Hero Shooters really need this kind of momentum right now. It’s a space that has seen peaks and dips time and time again, and expectations from players are higher than ever with live-service fatigue. In order for both Marvel Rivals and Overwatch to survive, they must challenge one another and push new ideas to stay interesting. This is actually better for players, too. More competition means better updated, bolder experiments and concepts, and more community voice being taken into account.

Neither Overwatch nor Marvel Rivals is a threat to one another’s identity, but rather the presence of one another creates the opportunity to evolve in ways that may not been possible if that competition was never put in place.
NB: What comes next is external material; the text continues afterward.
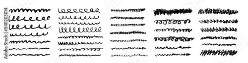 Charcoal grunge strokes and borders set. Coal pencil sketches. Grunge strokes, lines and curves collection. Charcoal pencil hatches and scribbles.

There’s no getting around the fact that both games will be compared for as long as they continue to share the same genre, so it is very important that they learn from one another.

This does not mean copying. This means observing interesting ideas, mechanics, and even abilities, and considering how they could be refined or built upon for their own game, under a different lens. If one game produces a mechanic or idea that makes team coordination more exciting, a gameplay mode that appears incredibly satisfying, or a new hero that offers a fresh idea for the hero shooter genre, then the other should explore their own interpretation of such concepts.

The Future of the Hero Shooter Genre is Brighter Through Competition

Players now get to choose which execution of these familiar hero roles and hero shooter gameplay mechanics they prefer through both Overwatch and Marvel Rivals. Rather than framing each new reveal as theft, it is far more productive to consider it proof of the Hero Shooter genre living on and these titles learning from one another. With Marvel Rivals success, Overwatch has to stay sharp. If Overwatch creates something exceptional, then Marvel Rivals must step up. It’s a healthy cycle that ensures better balance, stronger updates, thoughtful hero design, and generally a higher standard overall.

And the real truth? There’s room in this space for more than one major contender. In fact, having multiple contenders is much better for the genre because players don’t really want exclusivity – they want satisfying, entertaining games. Having two titles learn from one another and refine their own identities is far more exciting for the future than pretending only one of them has the right to exist in this space.